Work order: Return the records word for word. Pictures do not belong in the copy.

Task input:

- - - - - - -

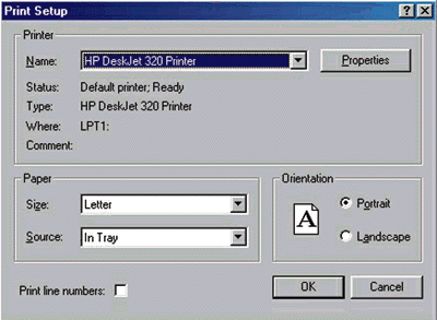 Figure 2: Modified Print Setup dialog box.
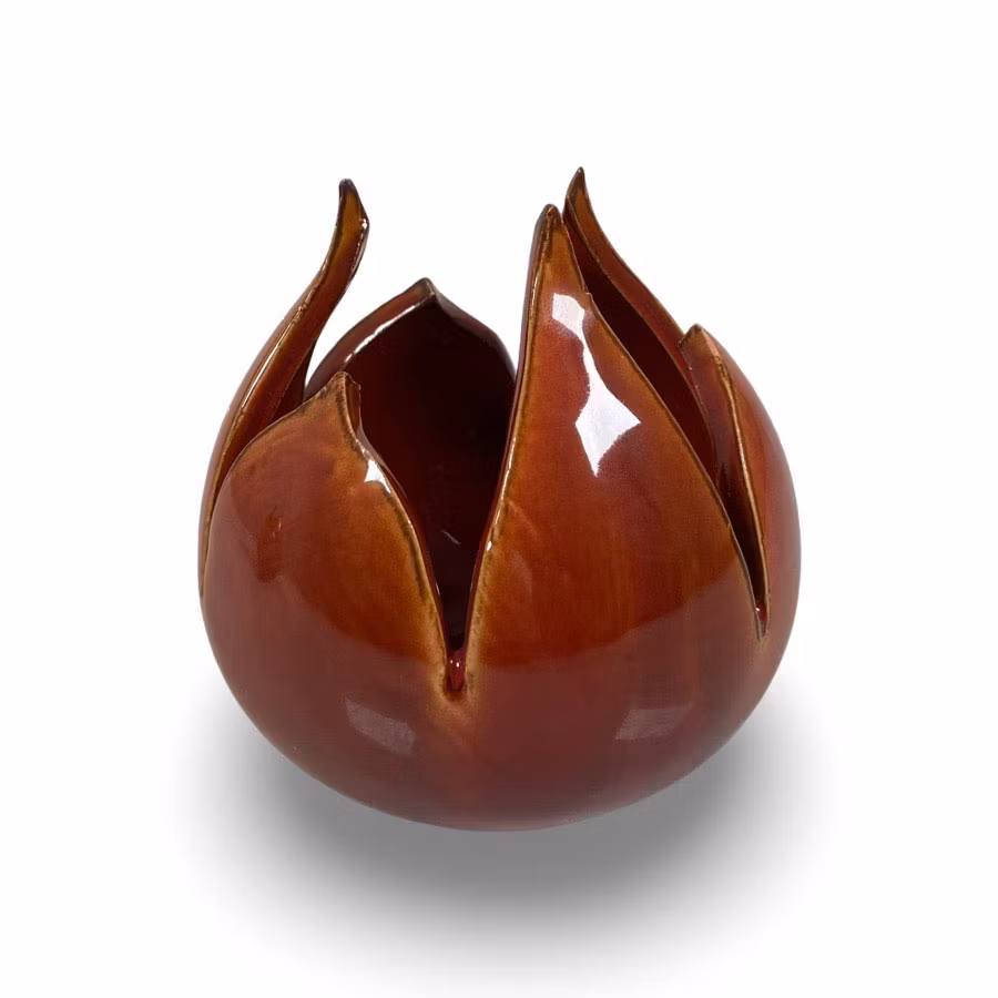 En stearinlyslygte lavet af stentøj med en reaktiv glasur, det betyder, at der kan være farveskift, der gør hver lanterne unik i sit udtryk
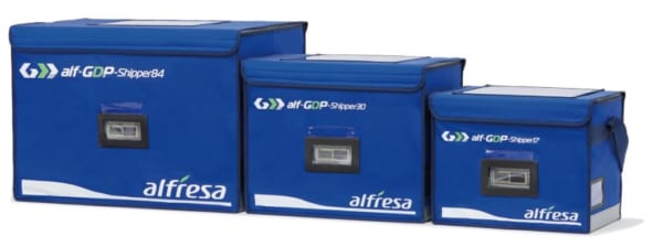 alf-GDP-Shipperは、主に保冷品を医療機関へ配送する際に使用する専用保冷箱で、輸配送の時間や物量に合わせて最適な大きさを選択することが可能。多くの保冷管理の必要な医薬品の保管温度である2-8度を8時間以上維持することができる。
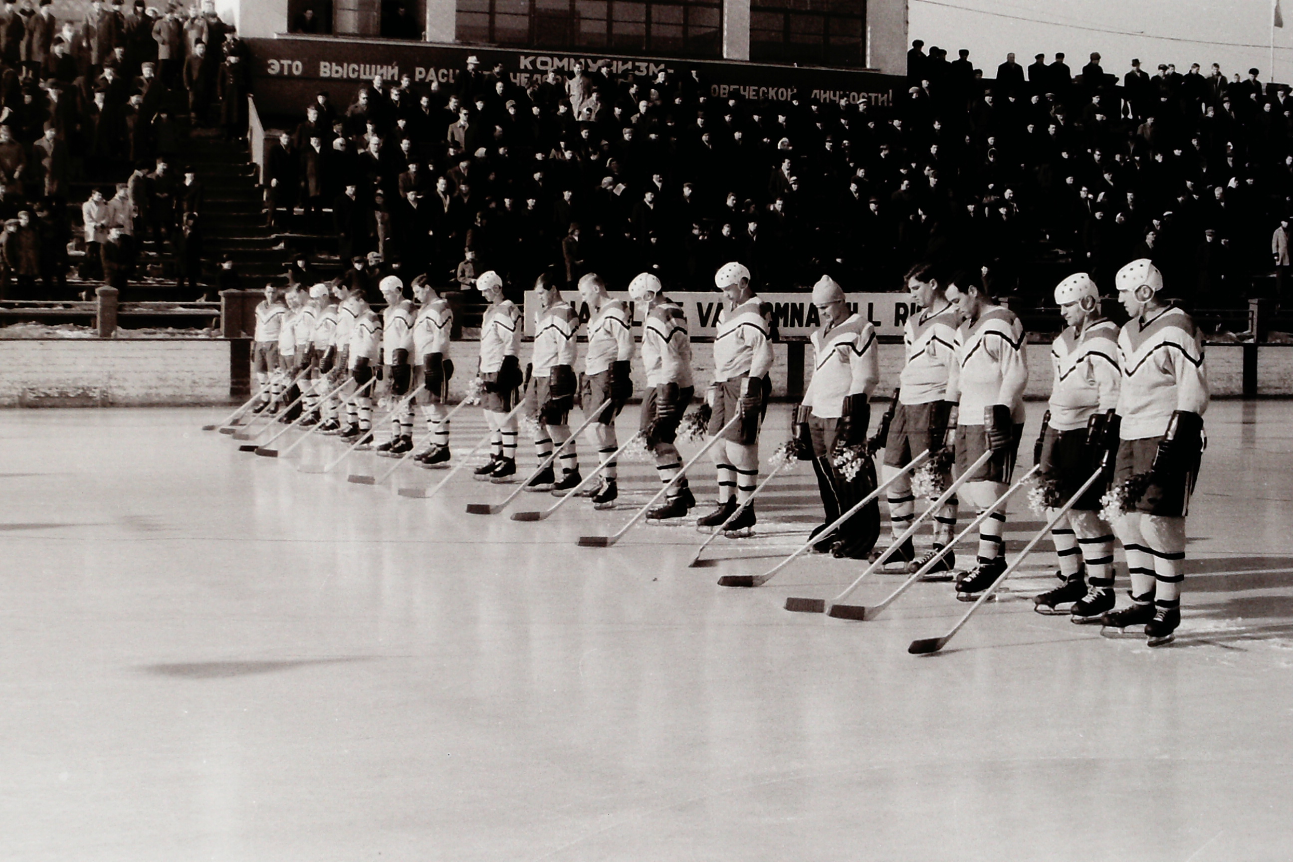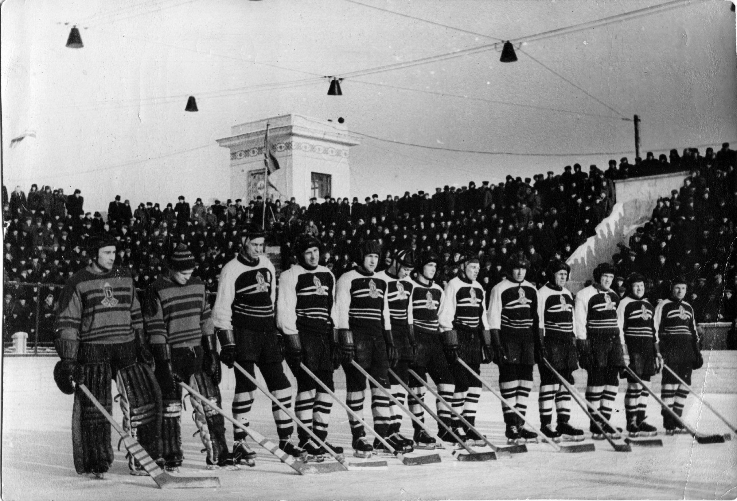 1951. gada janvārī Daugavas stadionā Rīgā tika atvērts pirmais stacionārais hokeja laukums (izmērs 63x33 m), kas bija izrakts 1,7 m dziļi zemē, un tam apkārt bija tribīnes 4 500 skatītājiem.
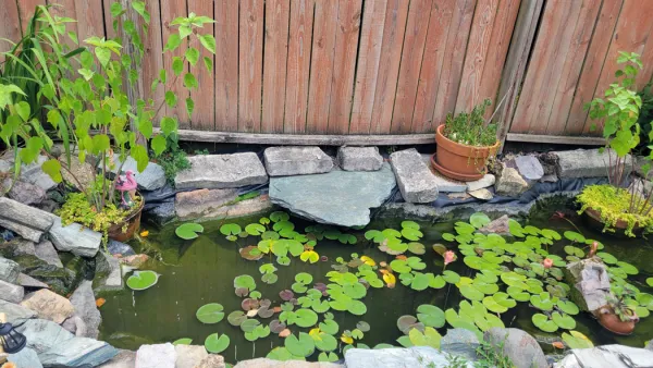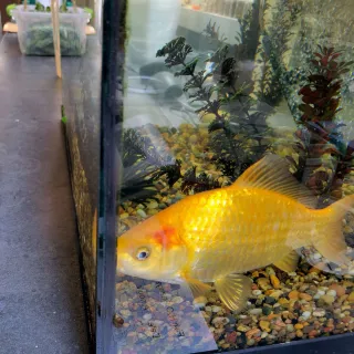 Beloved greenhouse goldfish mascot moves from a 15 gallon tank to a backyard pond
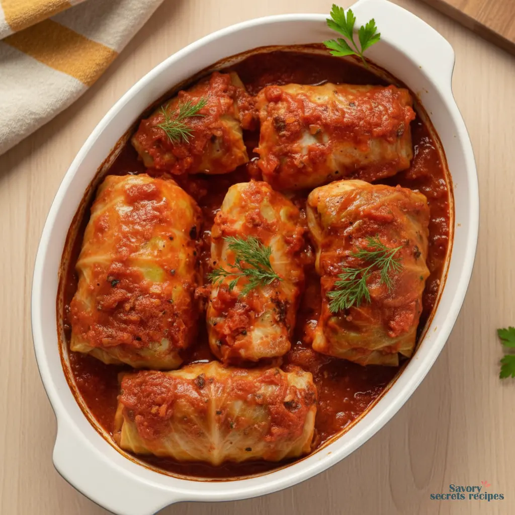 - Coat the bottom of a large baking dish with a thin layer of tomato sauce. Place the stuffed cabbage rolls in the dish with the seams facing down.
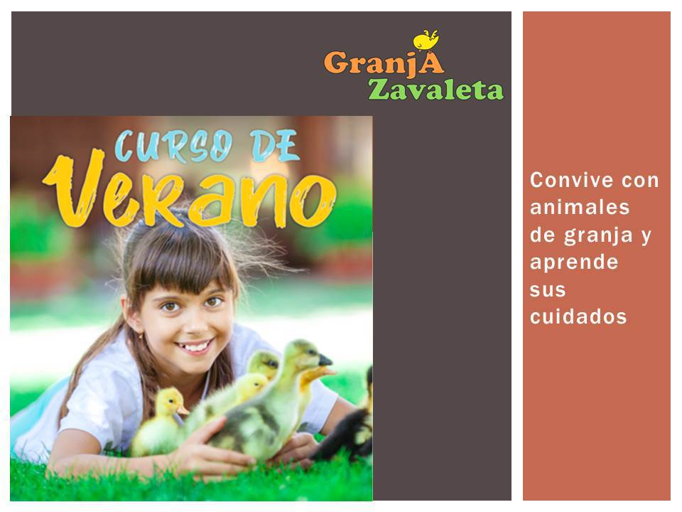El curso de verano de Granja Zavaleta es una opción diferente, donde tu hijo convivirá con animales de la granja en su entorno natural, aprendiendo acerca de sus cuidados. Haciendo uso de sus sentidos exporará el medio que lo rodea y aprenderá el proceso de trasnformación y elaboración de algunos alimentos, adquiriendo un aprendizaje para la vida.
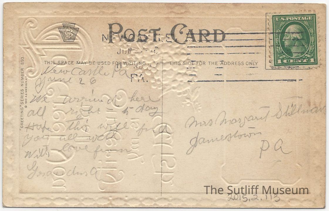 Art, Artifacts, Correspondence/Postcard, Cultural Activities, Domestic Life, Postal Services, People, Social & Personal Activity, Kinsman, Ohio
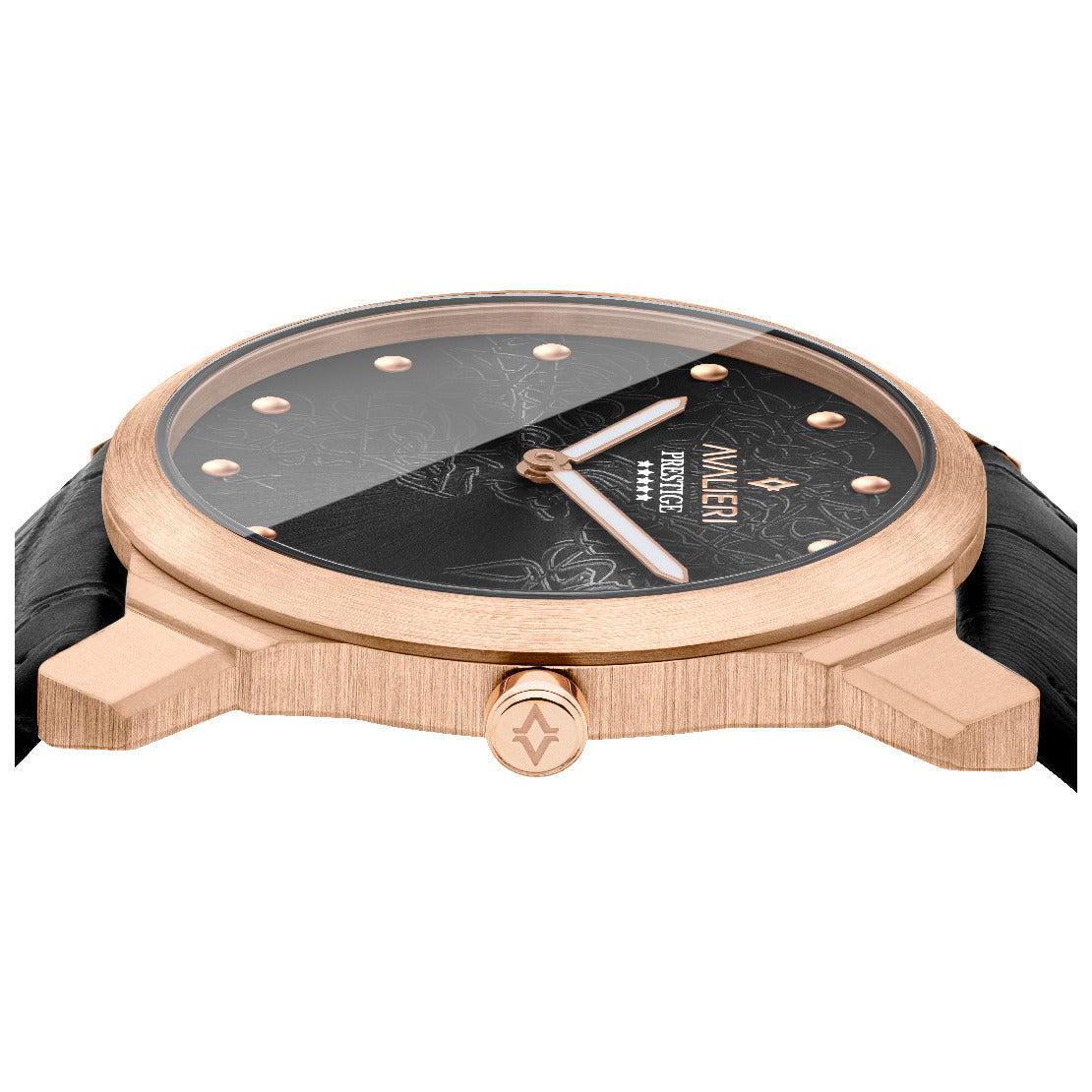 This watch from Avalieri Prestige features a black color, a high-quality leather strap, a stainless steel case measuring 40 mm and a thickness of 6.75 mm, protected by a layer of strong mineral glass, and a reliable quartz movement. The watch has a water resistance of 50 meters.

- - - - - - -

Your solution:
 Figure 2: Modified Print Setup dialog box.
 En stearinlyslygte lavet af stentøj med en reaktiv glasur, det betyder, at der kan være farveskift, der gør hver lanterne unik i sit udtryk
 alf-GDP-Shipperは、主に保冷品を医療機関へ配送する際に使用する専用保冷箱で、輸配送の時間や物量に合わせて最適な大きさを選択することが可能。多くの保冷管理の必要な医薬品の保管温度である2-8度を8時間以上維持することができる。
 1951. gada janvārī Daugavas stadionā Rīgā tika atvērts pirmais stacionārais hokeja laukums (izmērs 63x33 m), kas bija izrakts 1,7 m dziļi zemē, un tam apkārt bija tribīnes 4 500 skatītājiem.
 Beloved greenhouse goldfish mascot moves from a 15 gallon tank to a backyard pond
 - Coat the bottom of a large baking dish with a thin layer of tomato sauce. Place the stuffed cabbage rolls in the dish with the seams facing down.
El curso de verano de Granja Zavaleta es una opción diferente, donde tu hijo convivirá con animales de la granja en su entorno natural, aprendiendo acerca de sus cuidados. Haciendo uso de sus sentidos exporará el medio que lo rodea y aprenderá el proceso de trasnformación y elaboración de algunos alimentos, adquiriendo un aprendizaje para la vida.
 Art, Artifacts, Correspondence/Postcard, Cultural Activities, Domestic Life, Postal Services, People, Social & Personal Activity, Kinsman, Ohio
 This watch from Avalieri Prestige features a black color, a high-quality leather strap, a stainless steel case measuring 40 mm and a thickness of 6.75 mm, protected by a layer of strong mineral glass, and a reliable quartz movement. The watch has a water resistance of 50 meters.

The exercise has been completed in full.